Courting the Michael Moore Vote in N.H.
By Alec MacGillis
LACONIA, N.H. -- The more pugnacious among the country's left-leaning Democrats tend to be fond of John Edwards, who pledges that he was "born for this fight." They also tend to be big fans of the work of documentary filmmaker Michael Moore. Is it a surprise, then, that Edwards is not himself an avid follower of Moore.
At a town hall meeting here yesterday, Edwards was asked by Jessica Halm, a high school teacher attending with her 7 week old baby, what he made of the Michael Moore films "Bowling for Columbine," "Fahrenheit 9/11," and "Sicko." Edwards paused for a moment, as if searching his memory, and then said that he thought he had seen the first and the third but not "Fahrenheit 9/11," the provocative 2004 look at President Bush's first term and the start of the war in Iraq, a movie that broke attendance records for a documentary and became a rallying cry for many Democrats.
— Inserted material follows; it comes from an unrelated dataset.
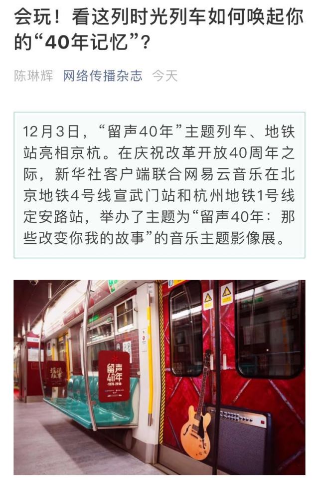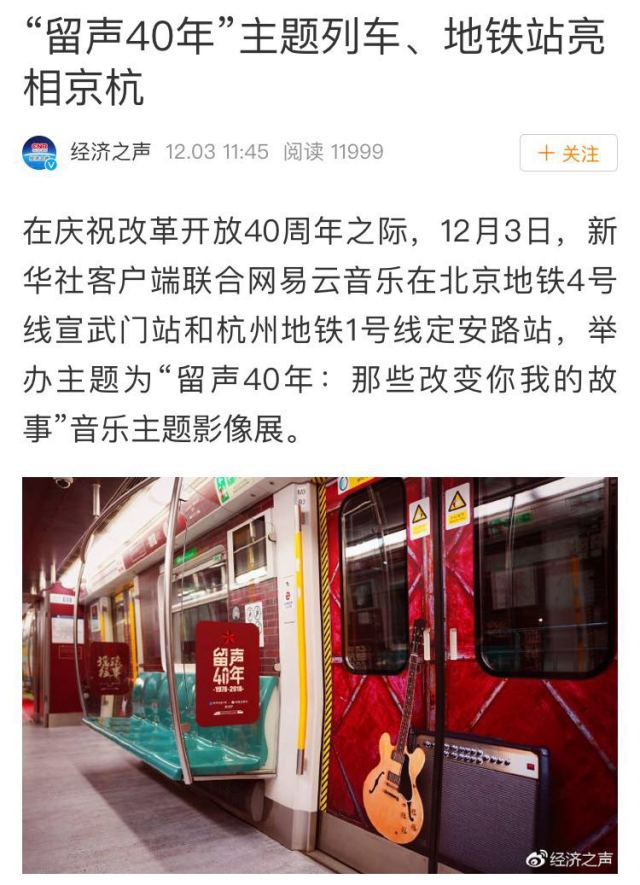 新華社北京12月4日電(記者 牧小湘)為慶祝改革開放40周年,新華社客戶端與網(wǎng)易云音樂、京港地鐵聯(lián)合舉辦的“留聲40年:那些改變你我的故事”音樂主題影像展12月3日亮相北京地鐵4號線宣武門站及杭州地鐵1號線定安路站。

Edwards then went into a lengthy discussion of the health care shortfalls described in "Sicko."
Afterward, Halm said she was a little surprised that Edwards had not seen "Fahrenheit 9/11." She said she supported Edwards but was actually not an unequivocal admirer of the three films and was hoping that Edwards would give a more in-depth critique of the films' strengths and weaknesses.
"I wish he'd answered it more directly," she said. "I wanted him to have a more critical eye."
It is perhaps not entirely surprising that Edwards did not see a film that contributed so heavily to the inflamed political climate of the 2004 presidential campaign. For starters, he was busy that year, running for the Democratic nomination and later for vice president alongside John Kerry. But as his rivals like to remind voters now, he was also running as a far more moderate kind of Democrat that year, not nearly as closely aligned with the Michael Moore perspective as he is now.
To his credit, he did not try to cover over the gap in his cinematic background in his response. He may have learned from experience: in 2004, Edwards went on Turner Classic Movies to introduce "Dr. Strangelove" as one of his favorite movies, even though he had not ever watched it. Slate magazine reported last week that Elizabeth Edwards had suggested her husband give "Dr. Strangelove" as a favorite after it turned out that a different senator introducing films on the channel had already claimed Edwards' actual favorite, "To Kill a Mockingbird." John Edwards got a briefing on the movie he hadn't seen, and went on the air to talk about why he liked it so much.